From sinister structures to flashy branding exercises, border checkpoints are indicative of political climate and national pride.

Next to the brick mass of Friedrichstrasse railway station in the centre of Berlin is a lightweight 1960s pavilion that was informally called The Palace of Tears. Looking at it just as an architectural object, it's the sort of building that is very fashionable today. This optimistic piece of pop-modernist design, by the architect Horst Luderitz consists of a concrete rotunda with a swooping roof and a full-height glass facade. It was built in 1962 as a result of the erection of a distinctly uglier concrete structure the previous year – the Berlin Wall, or as it was officially known, the Anti-Fascist Protection Rampart. Really two extremely long, snaking walls with a heavily militarized and lethal border between, caked in graffiti on the West side and left untouched on the East, the Berlin Wall was the starkest image of a border you could imagine – a wall, and a killing field beyond it. The Palace of Tears was the polite face of the same border. One was “architecture”, one was not. In that, it has been influential.

The Palace of Tears acted as the main crossing between East and West Berlin

In thinking about the architecture of borders, that dual identity is always worth bearing In mind – you may find, as at an airport or a railway station, a checkpoint designed to create a feeling of arrival and departure, and beyond it, something much more sinister. So while the Berlin Wall had its checkpoints you could pass through, such as the famous Checkpoint Charlie in the city centre, most of those who crossed between the city's two halves did so at The Palace of Tears, which was connected with the city's divided public transport network – the tears were shed by those stuck in the East as they saw off their relatives, en route to the S-Bahn connection back to the West. This high tragedy of The Palace of Tears was paralleled at the road crossings between East and West Germany proper, such as the partly preserved Checkpoint Helmstedt – a simple space-frame over a motorway, the sort of border you could find anywhere; only beyond that was the electrified wire.

J Mayer H created a statement at the Georgia-Turkey border crossing at Sarpi. Photo by Marcus Buck

Borders, of the “hard” kind, have proliferated in recent years, as politics shifts towards paranoid nationalism; a European or American citizen with a passport generally doesn't see the wire, just the smoother checkpoints.
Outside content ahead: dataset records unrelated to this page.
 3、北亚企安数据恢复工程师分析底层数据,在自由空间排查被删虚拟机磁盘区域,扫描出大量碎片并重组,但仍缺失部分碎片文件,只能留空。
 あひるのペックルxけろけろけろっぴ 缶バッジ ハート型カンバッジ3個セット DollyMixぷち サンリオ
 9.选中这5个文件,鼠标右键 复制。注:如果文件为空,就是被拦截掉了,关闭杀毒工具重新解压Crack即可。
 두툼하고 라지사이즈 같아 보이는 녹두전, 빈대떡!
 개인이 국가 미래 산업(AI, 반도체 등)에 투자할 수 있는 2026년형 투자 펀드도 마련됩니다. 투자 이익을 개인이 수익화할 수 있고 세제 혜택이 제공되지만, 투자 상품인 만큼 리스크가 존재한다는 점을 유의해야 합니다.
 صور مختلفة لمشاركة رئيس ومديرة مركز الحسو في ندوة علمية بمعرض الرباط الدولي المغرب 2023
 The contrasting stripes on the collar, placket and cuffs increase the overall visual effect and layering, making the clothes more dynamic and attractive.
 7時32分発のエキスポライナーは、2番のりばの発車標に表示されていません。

A Eurostar passenger going between London and Paris sees today's equivalents of The Palace of Tears or Checkpoint Helmstedt at Gare de Nord and St Pancras, but they see the equivalents of the Berlin Wall only briefly, as at the terrifying array of fences surrounding Calais-Frethun station, which makes sure that those stuck in the “jungle” can't cross the English Channel illegally; seeing these on those occasions when the fast train slows down in Calais can be quite a shock. 
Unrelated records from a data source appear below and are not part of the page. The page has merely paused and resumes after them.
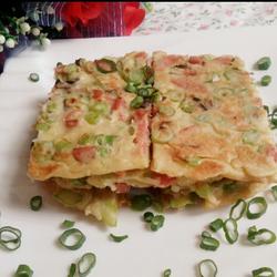 6.Put oil in the pan, pour in the egg liquid, and fry both sides until browned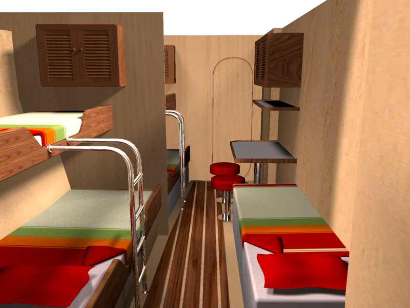 At each side of the engine room there are two corridors that give access to the living quarters located at both sides of the keel case. The stock plan considers the need to accommodate a large crew, and to fulfil this purpose, we designed a family cabin at port side with no less than five bunks, plus a working desk with stools.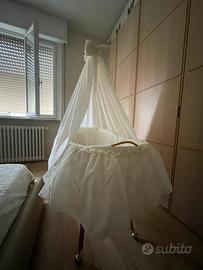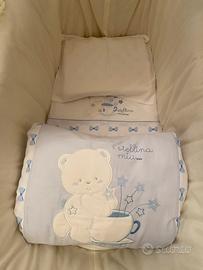 Culla in vimini con imbottitura laterale , completa di materasso ( incluso nell’ acquisto accessori quali coprimaterasso, copricuscino, lenzuola e due piumoni)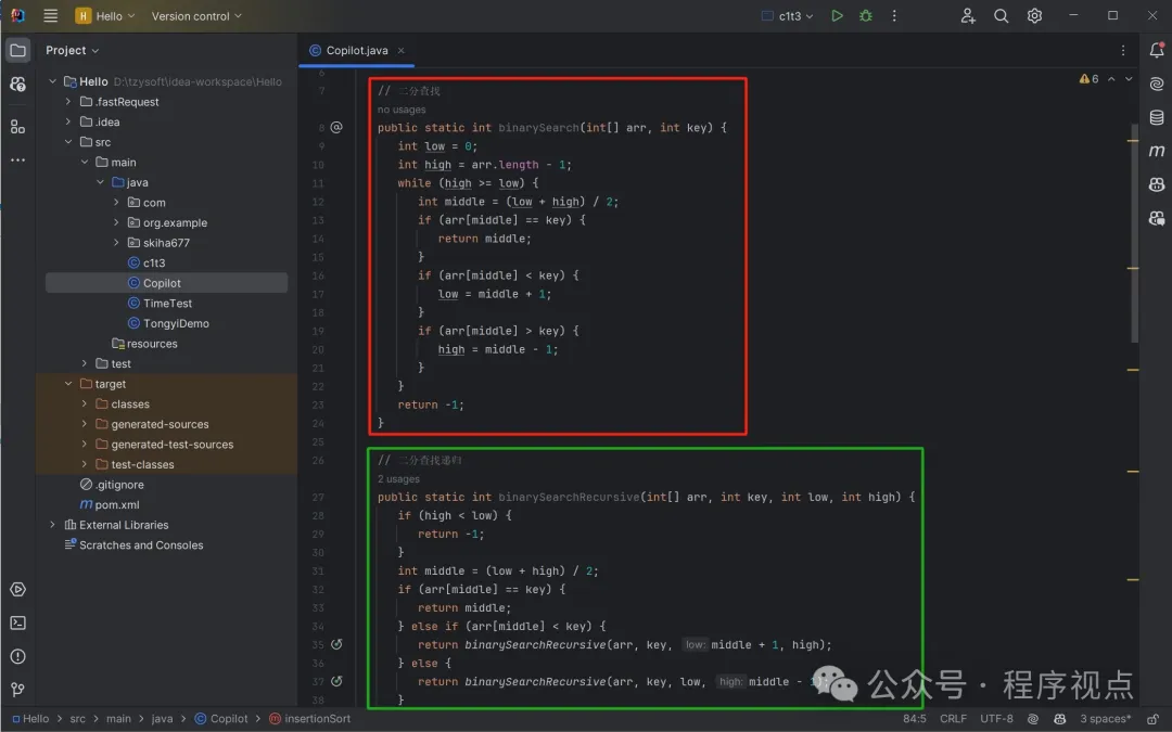 输入”//二分查找“。咦!没有反应!(其实按”回车“键就有反应的) 这里主要演示下面图右框的功能。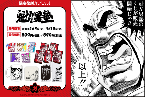 フィジカルグッズのオンラインくじ「カワセルくじ」にて、大好評を博しながらも限定期間での販売を終了した『魁!!男塾』のくじが、再販を要望するファンの声を受けて、待望の【復刻再販】です。
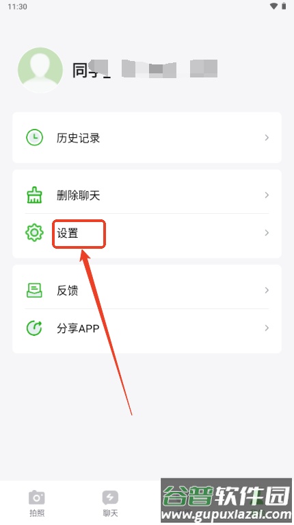 2、进入设置页面;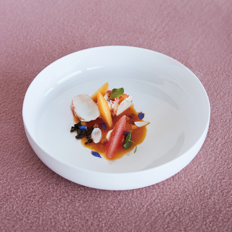 가르니튀르(가니시) 재료 살구 또는 망고 퓌레 150g, 복숭아 1개, 미니 양파 2개, 블랙 올리브 3알, 보리지꽃·한련 잎 약간씩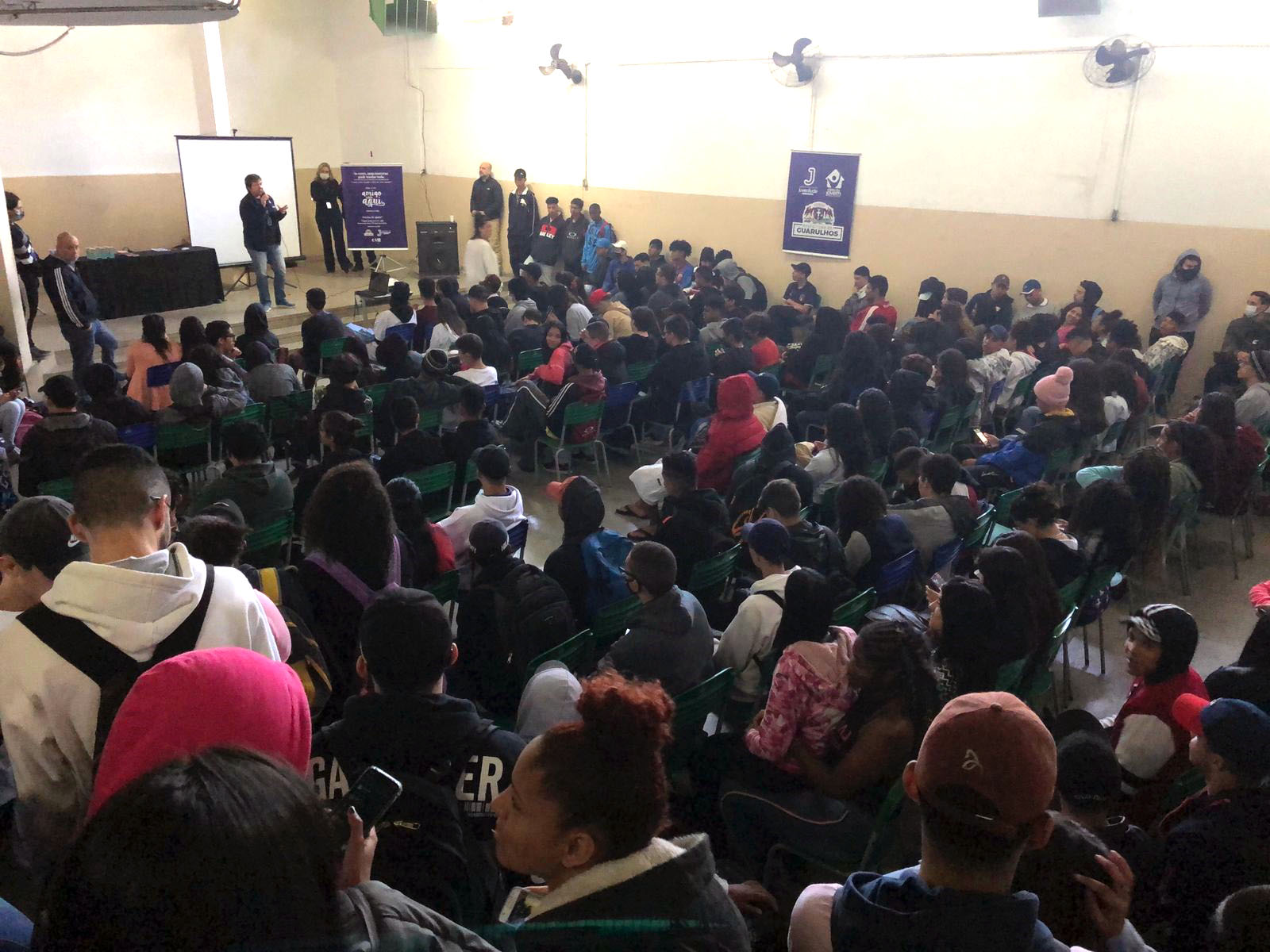 A Prefeitura de Guarulhos promoveu nesta quarta-feira (25) mais uma edição do programa Casa do Jovem (CJ) na Escola para 225 alunos da E.E. Professor Pedro Morceli, no Jardim Angélica. A iniciativa da Subsecretaria da Juventude, integrante da Secretaria de Direitos Humanos, visa a levar palestras, orientação e serviços para os adolescentes nas escolas estaduais.

The Sarpi checkpoint was used as a branding campaign by Georgia's president. Photo by Beka Pkhakadze

Less tense borders have seen experiments in branding. The most prominent of these has been at the Georgian-Turkish border crossing at Sarpi, on the Black Sea. Here, a sensual and surreal concrete structure by the German architectural firm Jurgen Mayer H stands as an Instagram beacon, and as a logo for this startlingly beautiful country. It was intended as such; Mayer's many roadside buildings in the country, commissioned directly by Georgia's then-president Mikheil Saakashvili, were pitched as a branding exercise, and appeared on the cover of the architectural magazine MARK in an election year, with the slogan “Brand New Georgia – Saakashvili Rebuilds a Country”. He actually used this cover as an election billboard. Though this failed to get him re-elected, even if you enter the country by air or train you'll note that border control is emblazoned with images of the elegant Sarpi crossing; the branding was clearly successful.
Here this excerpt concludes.